本次美国代写是一个R数据建模的Project，需要生成报告

**Project Report Specifications:**

These problems are deliberately open-ended. In some cases there may be several “correct” answers. Take care

to report on your methods and present your findings in a clear and concise manner, with the goal to inform and

convince me of your results. Include the necessary plots, tests, diagnostics, and model probabilities to illustrate

and support your conclusions. Annotate your results with prose. Plots, code, and output without explanation

in well-organized plain English will not be marked. For each problem be sure to include the following sections

**1. Summary/Introduction**

Briefly must outline the problem context, questions of interest, the source or sources of the data, the

highlights of your analysis, and a brief summary of the final conclusions (e.g., forecasting accuracy).

**2. Data Analysis (not just computer output)**

The data analysis section summarizes how you have applied the methodologies taught in this course to

the data in order to address the basic questions of interest. You need to postulate and to justify your

modeling choices. You must provide a thorough analysis of you data and model, including a discussion

on the need for transformations or not, your choice of modeling approach, assessment of goodness-of

fit/regression diagnostics, etc. You should also compare models corresponding to different hypotheses

about your system and assess the predictive ability of your model. If you choose to use the step

function, you must also build at least one model that corresponds to an a priori hypothesis and explain

how the model corresponds to the hypothesis. You should present computer output and/or appropriate

plots as tables and/or figures if the narrative justifies such inclusions. Points will be deducted if all

necessary plots are at the end of the report not within the narrative.

**3. Conclusions**

The conclusions section takes the results of the data analysis section and applies them to the basic ques

tions of interest (the research questions). Typically, this section is less than a page, but there are occasions

that warrant a more thorough discussion.

Students should complete ONE of the following questions.

**1 Dengue Incidence**

The data for this question consist of time series of dengue case counts for two cities (Iquitos, Peru or San Juan,

Puerto Rico) together with environmental and other covariate information for each location across a number of

transmission seasons. There are two data files, combined iquitos.csv and combined sanjuan.csv,

one for each city. Detailed descriptions of the data are available on the course website and at:

http://dengueforecasting.noaa.gov/.

To operate effectively, health departments must be able to predict weekly cases, as this will correspond to

hospital demand and resources. Your task is to provide a fitted model for forecasting weekly total dengue cases

in ONE of the two cities using tools from this class (you may not use additional packages without express

consent from Dr. Johnson). You should divide your data into training and testing sets. Specifically, reserve the

final season as a testing set, and all other seasons for training. Comment on the accuracy of your forecaster

with particular focus on peak incidence – both when it peak occurs and its height – within the training data

set. You may try more than one model and compare their performs. Then use your fitted model(s) to create a

forecast for the first week of the last dengue season, i.e., for the week following the last week in the training

data. Be sure to include uncertainty estimates (e.g., a CI).
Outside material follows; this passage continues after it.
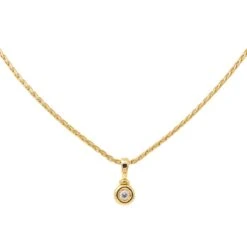 Collier en or jaune 750 millièmes (18 carats). pendentif serti d’un diamant. taille rond brillant. d’un poids total d’environ 0.10 ct. maille palmier. longueur : 40.50 cm. poids total : 5.88 g. poinçon tête d’aigle. excellent état
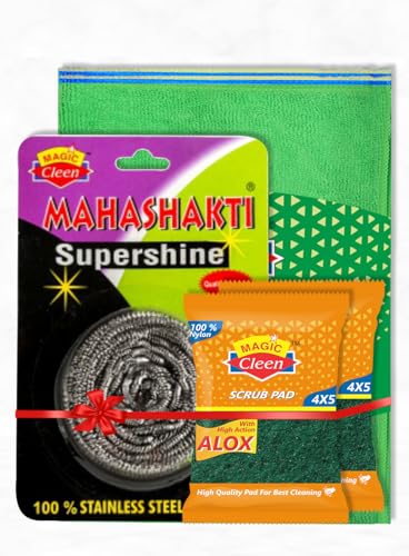 Magic Cleen Microfibric Cloth Plain 40 * 40Cm (Pack Of 5 (Mahashakti) Supershine Stainless Steel Scrube 12Gram And 2 Nylon Scrub Pad Combo Pack is available on Amazon at best discounted online price. Original of this product is ₹ 585.0. You can buy this product at discounted rate ₹ 119.

Finally, describe a method for obtain forecasts (and

uncertainties) for season week 4 of the testing data set (remember you have not yet observed the weather, etc

in the future!). Be sure to include how you would estimate any predictors and quantify the uncertainty in your

prediction.

Extra Credit: Implement your method to provide estimates and accompanying uncertainties for season week

4 of your testing data. Compare your predictions to the real values. How do you do? Then create predictions

(with uncertainties for every) 4th week within the season, i.e., add predictions for weeks 8, 12, 16, 20, 24, 28,

32, 36, 40, 44, and 48 in the testing set using only data through week 4. What is your prediction for the week

with the most cases. How does it compare to the real peak week?

HINT: Remember, you can only use data from the past to predict the future! This means that if you use an

environmental (or other) covariate to predict cases, you will also have to predict that covariate into the future!